For a shareholder proposal to be considered for inclusion in Seaspan’s proxy statement for the annual meeting next year, the written proposal must be received by Seaspan’s Corporate Secretary at the address set forth below no earlier than November 27, 2008 and no later than December 27, 2008. Such proposals also will need to comply with Seaspan’s bylaw provisions regarding business to be brought before a shareholder meeting.
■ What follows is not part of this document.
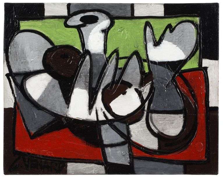 Lemons reveals Cézanne’s influence on Venard. The flat colours and a much more pronounced Cubist style, also called postCubism, can be found here. As in all of his work, the colours are sharp, vivid, bright and enhanced by absolute black contours and shadows.

Proposals should be sent by mail or fax addressed to:

Corporate Secretary

Seaspan Corporation

Unit 2, 7th Floor, Bupa Centre,

141 Connaught Road West,

Hong Kong

China

Fax: 852-2540-1689

For a shareholder proposal that is not intended to be included in Seaspan’s proxy statement as described above, the shareholder must deliver a proxy statement and form of proxy to holders of a sufficient number of Seaspan common shares to approve that proposal, provide the information required by Seaspan’s bylaws and give timely notice to Seaspan’s Corporate Secretary in accordance with the bylaws, which, in general, require that the notice be received by the Corporate Secretary not less than 90 days or more than 120 days prior to the first anniversary date of the date on which Seaspan first mailed its proxy materials for the previous year’s annual meeting of shareholders.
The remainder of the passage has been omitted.